New Zealander Olaf Wiig, and his American Fox News colleague, Steve Centanni, were kidnapped on 14 August while working in Gaza, by what was later described as the Palestinian equivalent of Abu Musab al Zarqawi, the former Al Qaeda leader in Iraq.
Wiig said: "What is missing at this point is a proper discussion on an industry level — to stand up and say we're old enough, we don't have to listen to what the SAS are telling us, we've all been in the industry long enough that we can take responsibility for our own actions.
"I'm a windsurfer. The golden rule of windsurfing is you only get yourself into a situation if you can get yourself out of it. It was incredibly embarrassing for me to be in the situation where I'd needed somebody to come and rescue me, because that was a situation that I never wanted to get myself into."
Wiig was speaking at a Frontline Club debate in London along with his wife, Anita McNaught, a former BBC World journalist, who was in Beirut reporting on the conflict for New Zealand TV at the time of his kidnapping. She went straight to Gaza and started working to secure her husband's release as soon as she heard the news.
She said: "It was quite clear to me that there was only one place that I had to be — I wasn't going to let any other bugger start negotiating for my husband's release. It simply wasn't possible to delegate that kind of a job."
According to Wiig's wife, the only occasion she was frustrated with Fox News's approach was when two of Wiig's colleagues tried to persuade her to make what she described as an over-the-top plea for her husband's release on camera.
She said: "Both of them took me aside and said: ‘Now, we want Hollywood-grade histrionics here; pull out all the stops.' They wanted crying, they wanted massive emotions and I said: ‘You must be joking.'
"It felt wrong — it felt wrong to me personally, it felt wrong in the context of Gaza in the grip of so much grief, to have a howl. It felt tasteless and it felt a bit un-English."
Wiig said that from the outset his kidnappers wanted to make a hostage video and the biggest motivation for their involvement in the kidnapping, was to film an "al Zarqawi-style video" to announce the arrival of that particular breed of jihadism in Gaza.
One of the issues that Wiig and McNaught discussed was the possibility of an industry-wide agreement of a news blackout when a high-profile hostage is taken, as they said that broadcasting the news gives the kidnappers the attention they desire.
The Christian Science Monitor Middle East correspondent, Scott Peterson, who was involved in the freeing of journalist Jill Carroll, said that it was possible to create too much interest on the ground, highlighting cases such as Ken Bigley and charity worker Margaret Hassan.
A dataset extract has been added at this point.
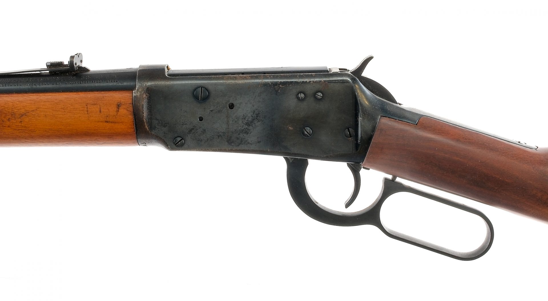 Description Winchester 94 chambered in .30-30 Winchester with a full length tube magazine and a 20″ barrel. Manufactured in 1979 with serial number 4814643. Blued barrel, magazine tube, receiver, loading gate, and controls. Smooth wood forend and straight stock with checkered Winchester butt plate. Adjustable rear buckhorn and hooded front blade. Must ship to FFL holder. Condition: Good with light scratches and wear from handling and operation. Light speckling of metal oxidation on the barrel and magazine tube. Heavier speckling of metal oxidation on the receiver and tang with spots of finish loss and patina. Light scratches, and dings in the wood. Mostly clean bore with strong rifling and a couple touches of metal oxidation. Barrel Length: 20″ Serial: 4814643 Manufacturer: WINCHESTER Year: 1979 Caliber: .30-30 Winchester Model: 1894 Book# 02518

Peterson said that international media attention and political pressure could make kidnappers feel that their quickest, safest and only way out was to kill their captives.
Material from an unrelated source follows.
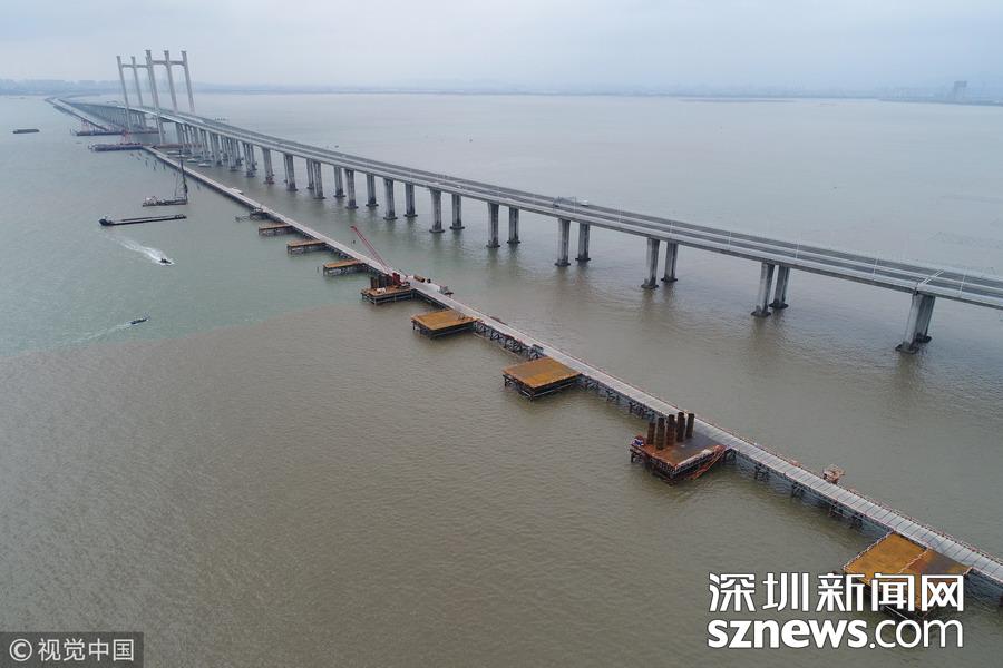 建設(shè)中的福廈高鐵泉州灣跨海大橋。

"The balance that we were always trying to achieve was reminding people that there are people out there, but not making them such a high-profile target that the easiest way to solve the situation was to kill them," he said.
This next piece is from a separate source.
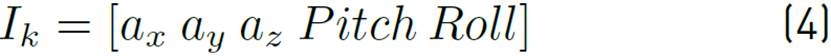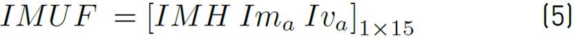 With IMH = [AI VI SMA EVA AAE ARE], Im a = [m ax m ay m az m ar m ap ] and Iv a = [v ax v ay v ar v ap ]. Where m aw and v aw is the arithmetic mean and variance of the rectangular and spherical components of I k , with w = {x, y, z Pitch, Roll}. For more detail of the process of these descriptors, refer to[7].

According to ITN foreign editor Tom Singleton, in an era of fast-paced international news, adhering to a media blackout is not always practical.
He told Press Gazette: "The problem is that it comes out anyway on the wires. If it is a foreign country, it is very hard to control the sourcing of the information. If it comes out on a local basis and it is out there and international wires start snapping, it is out."
Sky foreign editor Adrian Wells said he agreed with Wiig that the Palestinian authority had to try harder to protect journalists and make sure they are not targeted.
He told Press Gazette: "I'm in Israel at the moment and a lot of people are talking about how Gaza is on the edge of almost civil war. There is certainly a lot of tension between the two sides, which is very unusual for Palestinians to be fighting other Palestinians.
"He is right to raise the issue that we, as Western media companies, will have to start thinking in non-traditional ways about how we cover what is probably going to be a very big story in the next few months."